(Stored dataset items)
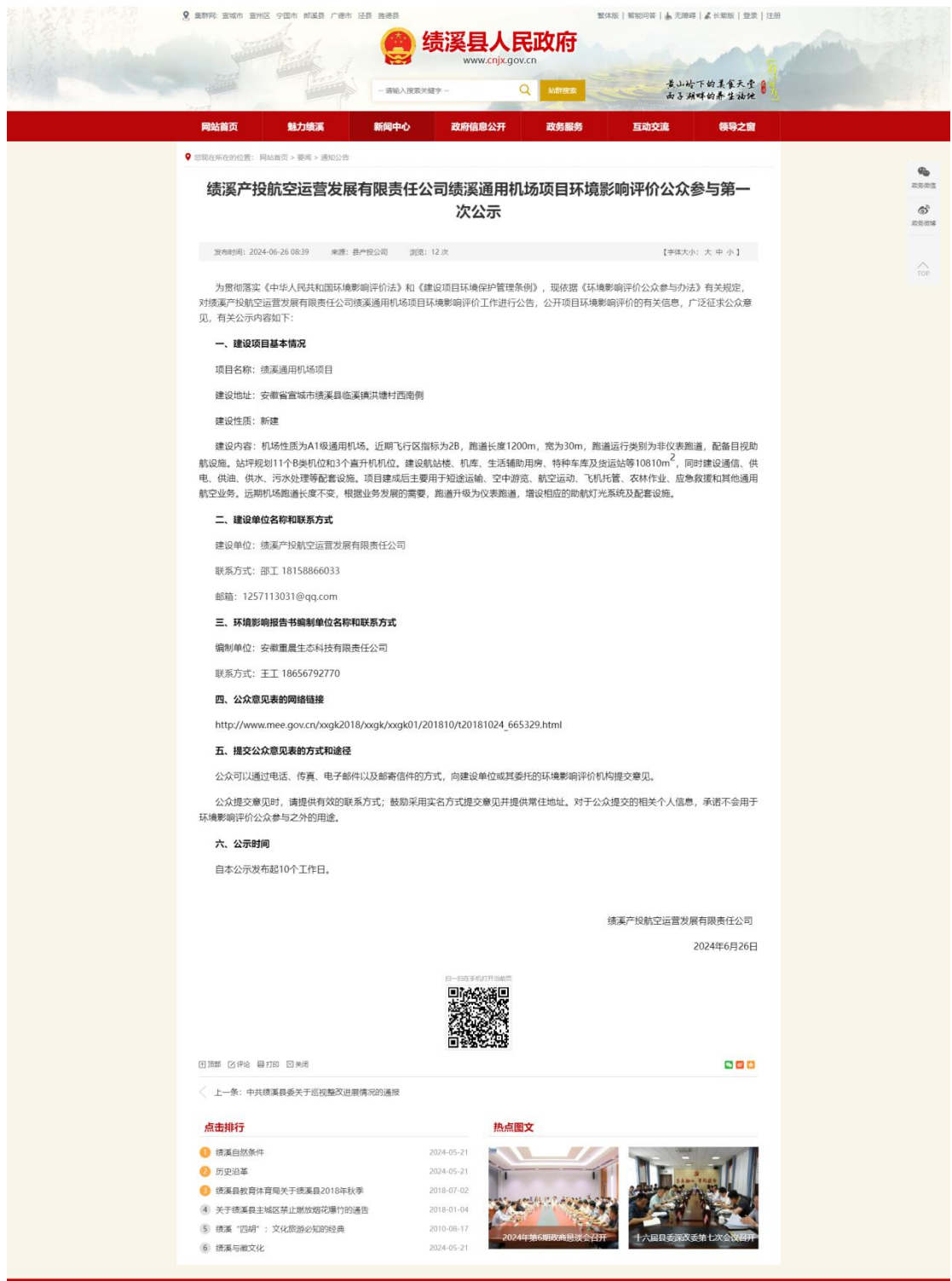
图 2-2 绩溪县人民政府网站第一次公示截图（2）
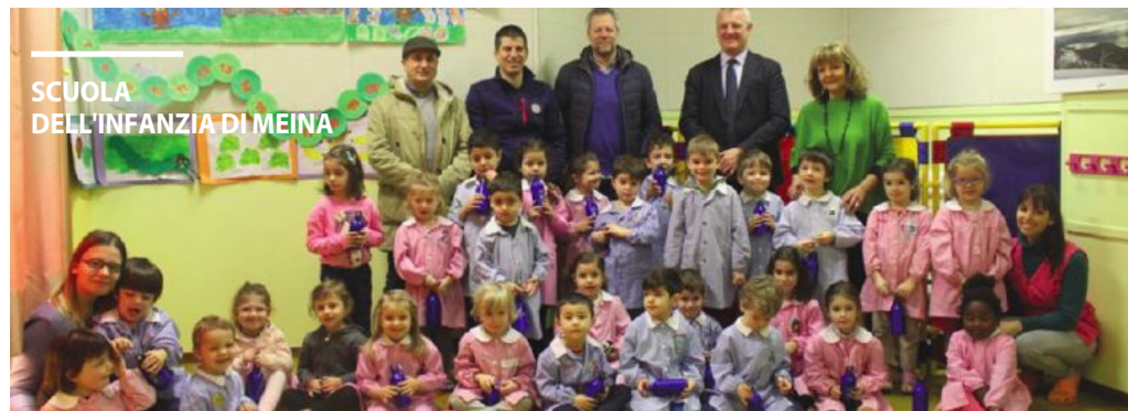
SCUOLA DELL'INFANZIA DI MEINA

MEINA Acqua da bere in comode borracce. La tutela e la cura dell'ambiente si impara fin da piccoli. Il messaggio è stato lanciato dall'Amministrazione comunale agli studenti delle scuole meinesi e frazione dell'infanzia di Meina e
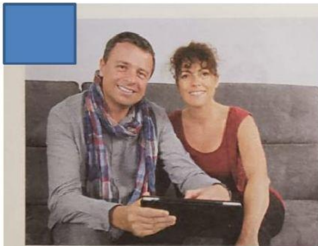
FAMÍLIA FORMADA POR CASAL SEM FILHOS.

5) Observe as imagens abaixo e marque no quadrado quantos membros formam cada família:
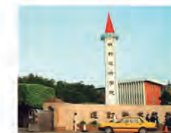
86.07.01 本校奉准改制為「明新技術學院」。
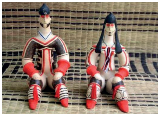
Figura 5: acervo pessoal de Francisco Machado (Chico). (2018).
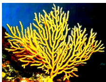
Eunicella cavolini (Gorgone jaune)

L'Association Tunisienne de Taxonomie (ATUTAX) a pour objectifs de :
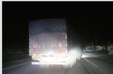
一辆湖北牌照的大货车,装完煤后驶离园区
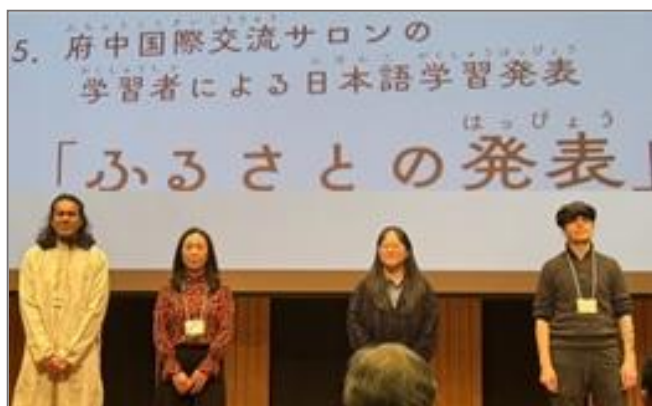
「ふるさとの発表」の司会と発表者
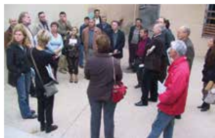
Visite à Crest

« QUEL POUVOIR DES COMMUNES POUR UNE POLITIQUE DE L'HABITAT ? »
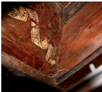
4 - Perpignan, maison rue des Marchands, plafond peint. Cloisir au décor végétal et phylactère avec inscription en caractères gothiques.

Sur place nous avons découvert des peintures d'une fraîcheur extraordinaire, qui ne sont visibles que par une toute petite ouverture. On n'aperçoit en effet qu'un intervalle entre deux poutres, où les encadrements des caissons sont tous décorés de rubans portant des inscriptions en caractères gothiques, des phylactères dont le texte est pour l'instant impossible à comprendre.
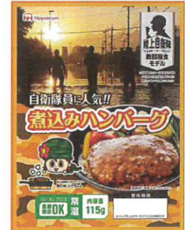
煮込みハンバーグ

| Your assignment |
Repeat all of the data above word for word, minus the pictures.

| Answer box |
图 2-2 绩溪县人民政府网站第一次公示截图（2）
SCUOLA DELL'INFANZIA DI MEINA

MEINA Acqua da bere in comode borracce. La tutela e la cura dell'ambiente si impara fin da piccoli. Il messaggio è stato lanciato dall'Amministrazione comunale agli studenti delle scuole meinesi e frazione dell'infanzia di Meina e
FAMÍLIA FORMADA POR CASAL SEM FILHOS.

5) Observe as imagens abaixo e marque no quadrado quantos membros formam cada família:
86.07.01 本校奉准改制為「明新技術學院」。
Figura 5: acervo pessoal de Francisco Machado (Chico). (2018).
Eunicella cavolini (Gorgone jaune)

L'Association Tunisienne de Taxonomie (ATUTAX) a pour objectifs de :
一辆湖北牌照的大货车,装完煤后驶离园区
「ふるさとの発表」の司会と発表者
Visite à Crest

« QUEL POUVOIR DES COMMUNES POUR UNE POLITIQUE DE L'HABITAT ? »
4 - Perpignan, maison rue des Marchands, plafond peint. Cloisir au décor végétal et phylactère avec inscription en caractères gothiques.

Sur place nous avons découvert des peintures d'une fraîcheur extraordinaire, qui ne sont visibles que par une toute petite ouverture. On n'aperçoit en effet qu'un intervalle entre deux poutres, où les encadrements des caissons sont tous décorés de rubans portant des inscriptions en caractères gothiques, des phylactères dont le texte est pour l'instant impossible à comprendre.
煮込みハンバーグ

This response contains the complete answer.